WHAT TO DO ▸ Return all of the data verbatim, dropping any picture.

MATERIALS PROVIDED ▸
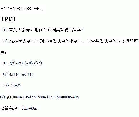 (1)2(x2-2x+5)-3(2x2-5)=________________.
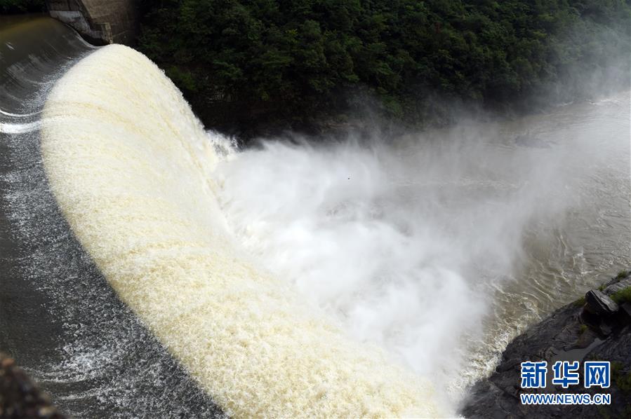6月16日,位于安徽省金寨縣的青山水庫在進(jìn)行泄洪。新華社記者 周牧 攝
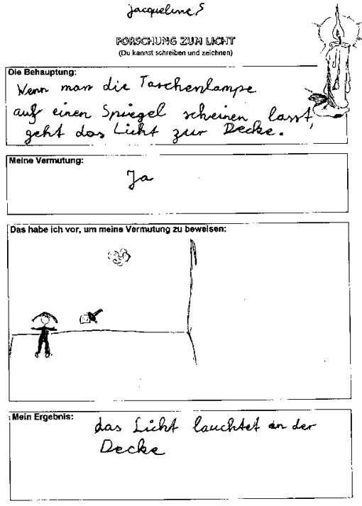 • Schattenforschung: Du brauchst einen Gegenstand, eine Taschenlampe, eine helle Wand, Pappe oder ähnliches. Erzeuge einen Schatten von dem Gegenstand auf der hellen Fläche. Was geschieht mit dem Schatten, wenn du den Gegenstand nahe vor die Taschenlampe hältst, nahe vor die helle Fläche hältst, den Gegenstand von der Taschenlampe auf die helle Fläche zu bewegst und wieder zurück, den Gegenstand zwischen Taschenlampe und heller Fläche drehst?
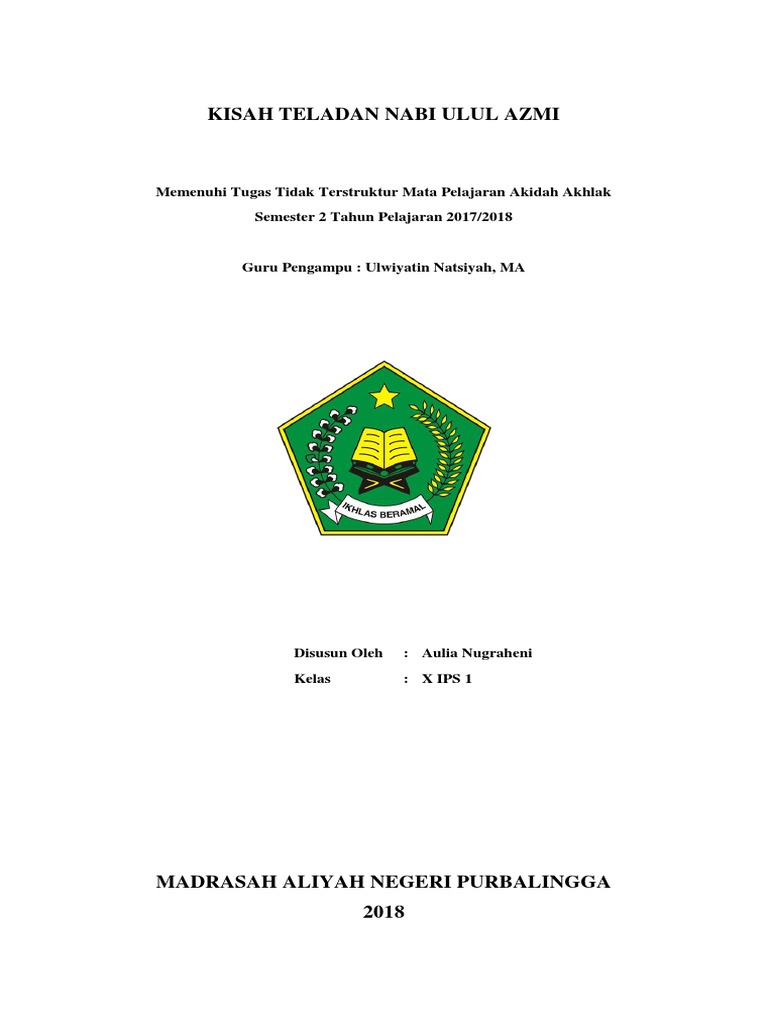 MAKALAH AQIDAH AKHLAK KELAS 10 : KISAH TELADAN RASUL ULUL AZMI …
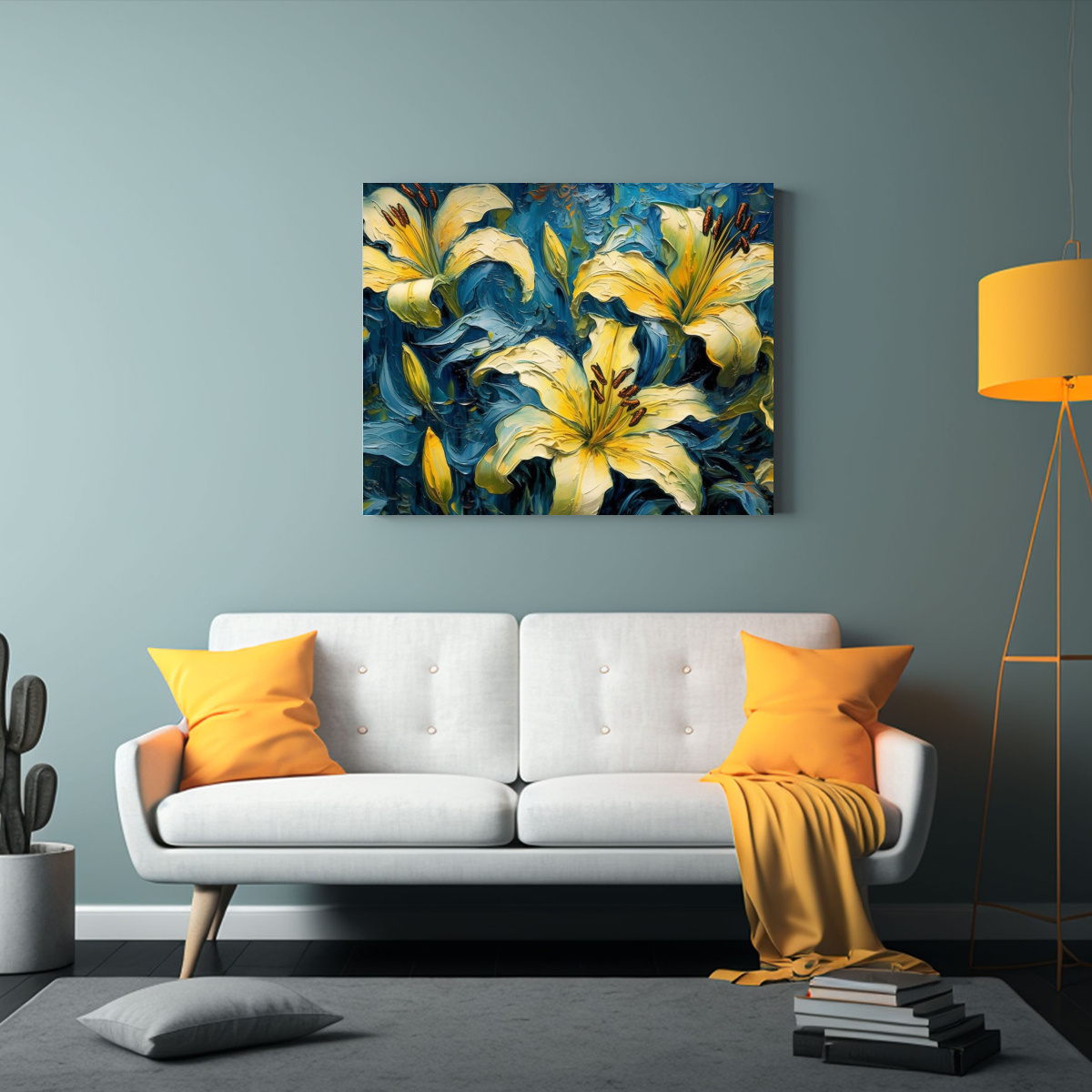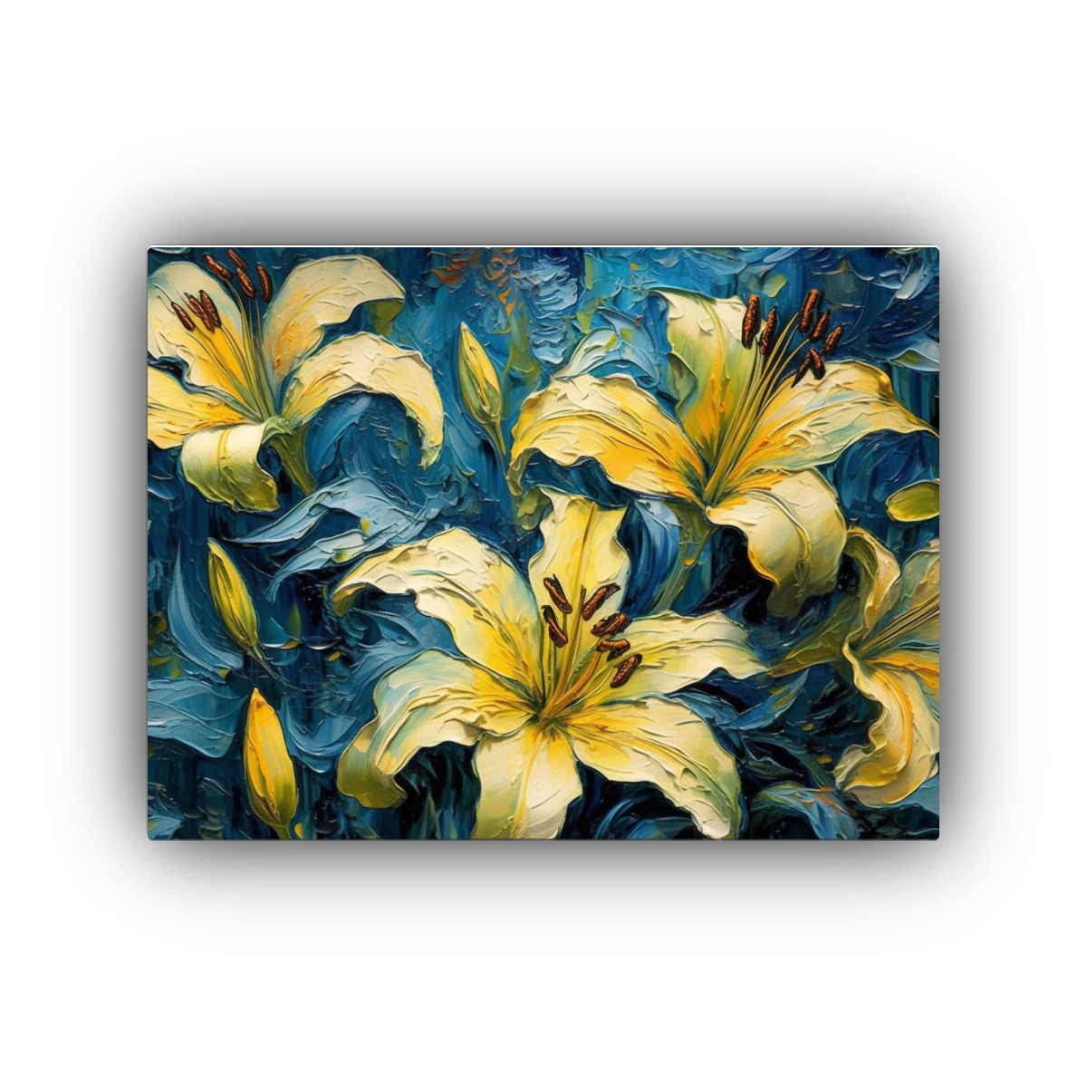 El Cuadro Patron Intenso de Lirios Amarillos sobre Fondo Azul Alto Contraste 16K de DecoCuadros es la opción perfecta para darle vida y estilo a tus espacios Con una impresión de alta definición sobre tela de calidad premium, este cuadro brinda un impacto visual único y colores intensos que resaltarán en cualquier pared El diseño exclusivo de nuestra tienda y la amplia gama de tamaños disponibles te permitirán encontrar la opción perfecta para complementar tu decoración

TASK SOLUTION ▸
 (1)2(x2-2x+5)-3(2x2-5)=________________.
6月16日,位于安徽省金寨縣的青山水庫在進(jìn)行泄洪。新華社記者 周牧 攝
 • Schattenforschung: Du brauchst einen Gegenstand, eine Taschenlampe, eine helle Wand, Pappe oder ähnliches. Erzeuge einen Schatten von dem Gegenstand auf der hellen Fläche. Was geschieht mit dem Schatten, wenn du den Gegenstand nahe vor die Taschenlampe hältst, nahe vor die helle Fläche hältst, den Gegenstand von der Taschenlampe auf die helle Fläche zu bewegst und wieder zurück, den Gegenstand zwischen Taschenlampe und heller Fläche drehst?
 MAKALAH AQIDAH AKHLAK KELAS 10 : KISAH TELADAN RASUL ULUL AZMI …
 El Cuadro Patron Intenso de Lirios Amarillos sobre Fondo Azul Alto Contraste 16K de DecoCuadros es la opción perfecta para darle vida y estilo a tus espacios Con una impresión de alta definición sobre tela de calidad premium, este cuadro brinda un impacto visual único y colores intensos que resaltarán en cualquier pared El diseño exclusivo de nuestra tienda y la amplia gama de tamaños disponibles te permitirán encontrar la opción perfecta para complementar tu decoración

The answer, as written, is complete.